Start of Information provided
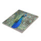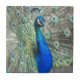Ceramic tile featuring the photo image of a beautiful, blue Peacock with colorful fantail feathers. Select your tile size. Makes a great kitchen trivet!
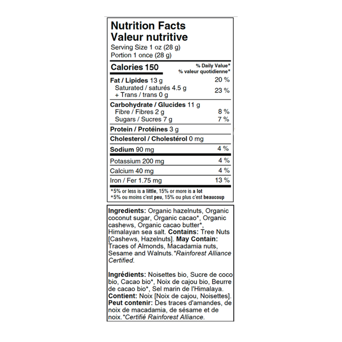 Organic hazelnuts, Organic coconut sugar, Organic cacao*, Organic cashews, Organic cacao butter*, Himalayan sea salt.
End of Information provided
Start of Information provided
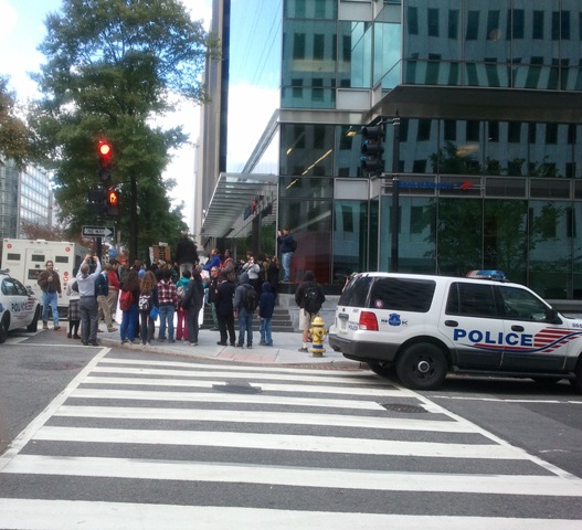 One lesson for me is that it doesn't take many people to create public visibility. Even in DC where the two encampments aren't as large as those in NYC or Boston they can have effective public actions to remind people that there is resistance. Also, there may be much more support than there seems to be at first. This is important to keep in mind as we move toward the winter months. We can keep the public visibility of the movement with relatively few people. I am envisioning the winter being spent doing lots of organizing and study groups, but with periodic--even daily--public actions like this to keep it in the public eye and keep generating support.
End of Information provided
• **Problem description**
Above are the records; return the lines in them from the one with "Ceramic tile featuring" to the one with "Organic hazelnuts, Organic", inclusive, exactly and without images.

• **Task response**
Ceramic tile featuring the photo image of a beautiful, blue Peacock with colorful fantail feathers. Select your tile size. Makes a great kitchen trivet!
 Organic hazelnuts, Organic coconut sugar, Organic cacao*, Organic cashews, Organic cacao butter*, Himalayan sea salt.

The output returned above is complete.